=== Begin Enclosure ===

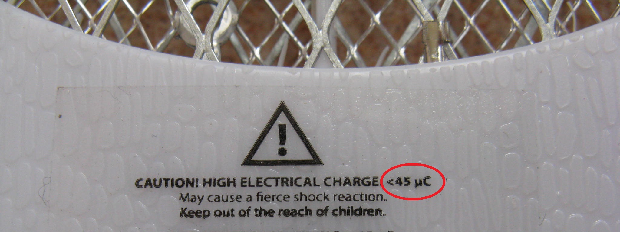 Safety precaution for humans using the flyswatter: maximum charge 45uC
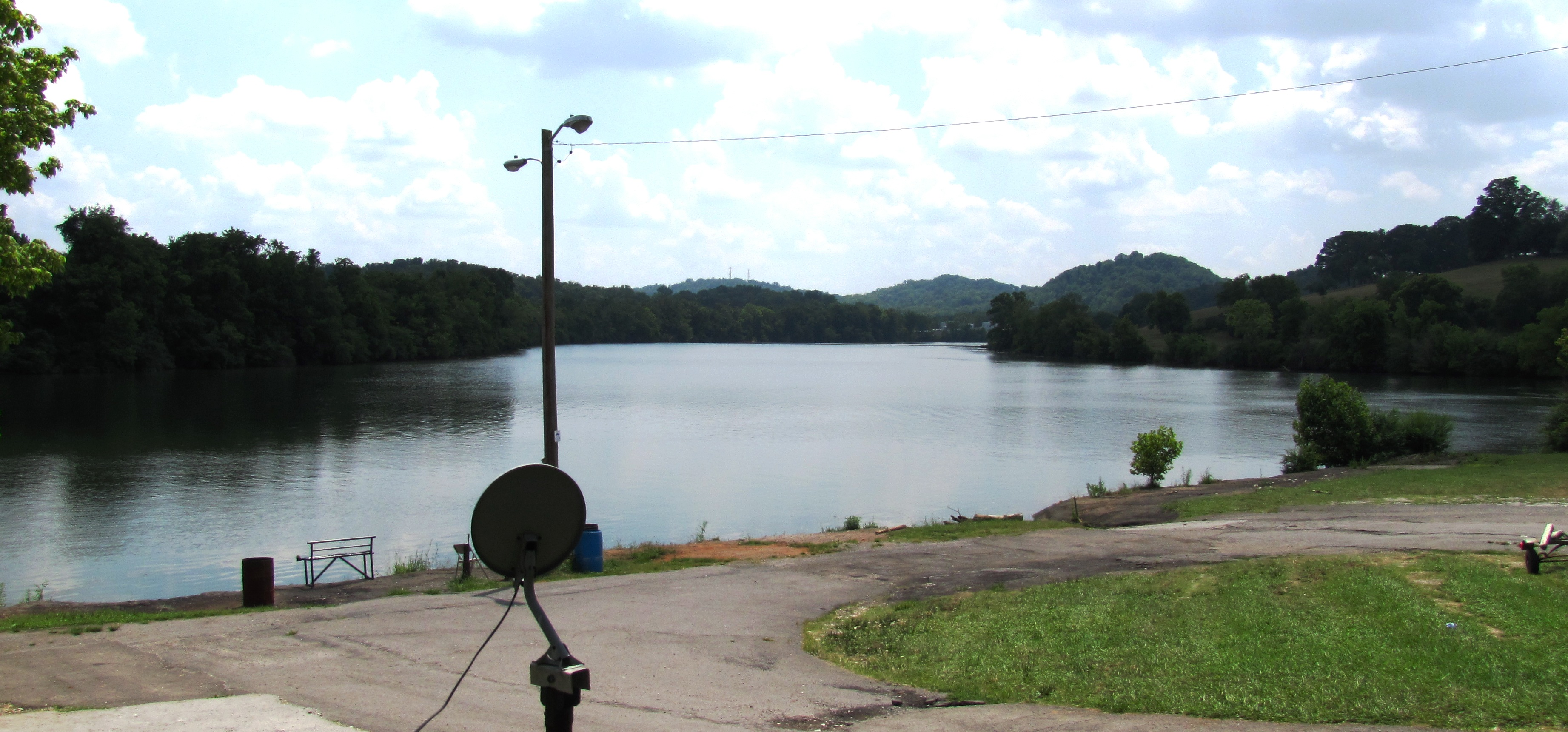 "Forks of the River" in eastern Knoxville, Tennessee, USA. In the photo, the French Broad River enters on the left and joins the Holston River, which enters on the right, to form the Tennessee River at the center.
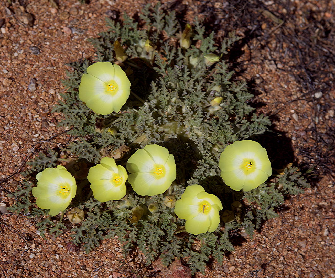 Grielum humifusum. A creeping perennial in the Namaqualand desert of northwestern South Africa. Sometimes placed in the Neuradoideae subfamily of the rose family Rosaceae; sometimes separated into a family of its own -- Neuradaceae. August 2009.

=== End Enclosure ===

• Try it
Restate the listing word for word, pictures omitted.

• Result
 Safety precaution for humans using the flyswatter: maximum charge 45uC
 "Forks of the River" in eastern Knoxville, Tennessee, USA. In the photo, the French Broad River enters on the left and joins the Holston River, which enters on the right, to form the Tennessee River at the center.
 Grielum humifusum. A creeping perennial in the Namaqualand desert of northwestern South Africa. Sometimes placed in the Neuradoideae subfamily of the rose family Rosaceae; sometimes separated into a family of its own -- Neuradaceae. August 2009.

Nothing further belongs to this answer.